What appears from the first line of the data below through the line containing "また、「お絵かきタウン」で描", both included, should be copied exactly, and nothing else.

=== PROVIDED ENTRIES ===

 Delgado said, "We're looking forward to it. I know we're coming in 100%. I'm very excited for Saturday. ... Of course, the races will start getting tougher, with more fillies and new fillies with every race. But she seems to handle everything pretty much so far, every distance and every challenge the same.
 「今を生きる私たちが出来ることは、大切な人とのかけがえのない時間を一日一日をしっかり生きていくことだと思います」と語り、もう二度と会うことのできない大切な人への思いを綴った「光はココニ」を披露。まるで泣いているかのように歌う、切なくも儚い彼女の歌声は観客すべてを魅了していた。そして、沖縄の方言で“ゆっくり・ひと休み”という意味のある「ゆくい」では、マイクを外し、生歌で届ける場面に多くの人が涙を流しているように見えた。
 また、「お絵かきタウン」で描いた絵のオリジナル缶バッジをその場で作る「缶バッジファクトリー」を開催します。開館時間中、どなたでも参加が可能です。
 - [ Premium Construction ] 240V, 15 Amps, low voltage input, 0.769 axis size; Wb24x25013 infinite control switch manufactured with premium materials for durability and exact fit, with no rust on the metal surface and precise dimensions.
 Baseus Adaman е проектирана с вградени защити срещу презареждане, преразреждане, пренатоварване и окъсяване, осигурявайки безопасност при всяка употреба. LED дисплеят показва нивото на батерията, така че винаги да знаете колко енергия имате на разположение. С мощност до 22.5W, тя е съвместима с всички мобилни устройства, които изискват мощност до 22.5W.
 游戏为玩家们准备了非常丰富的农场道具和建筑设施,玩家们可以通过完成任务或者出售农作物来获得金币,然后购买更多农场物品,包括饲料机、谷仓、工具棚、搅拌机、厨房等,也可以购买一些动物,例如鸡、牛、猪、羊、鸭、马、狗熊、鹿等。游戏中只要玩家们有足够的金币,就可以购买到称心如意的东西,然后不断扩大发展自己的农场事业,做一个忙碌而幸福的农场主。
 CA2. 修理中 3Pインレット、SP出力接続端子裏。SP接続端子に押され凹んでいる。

===

WRITTEN ANSWER ::
 Delgado said, "We're looking forward to it. I know we're coming in 100%. I'm very excited for Saturday. ... Of course, the races will start getting tougher, with more fillies and new fillies with every race. But she seems to handle everything pretty much so far, every distance and every challenge the same.
 「今を生きる私たちが出来ることは、大切な人とのかけがえのない時間を一日一日をしっかり生きていくことだと思います」と語り、もう二度と会うことのできない大切な人への思いを綴った「光はココニ」を披露。まるで泣いているかのように歌う、切なくも儚い彼女の歌声は観客すべてを魅了していた。そして、沖縄の方言で“ゆっくり・ひと休み”という意味のある「ゆくい」では、マイクを外し、生歌で届ける場面に多くの人が涙を流しているように見えた。
 また、「お絵かきタウン」で描いた絵のオリジナル缶バッジをその場で作る「缶バッジファクトリー」を開催します。開館時間中、どなたでも参加が可能です。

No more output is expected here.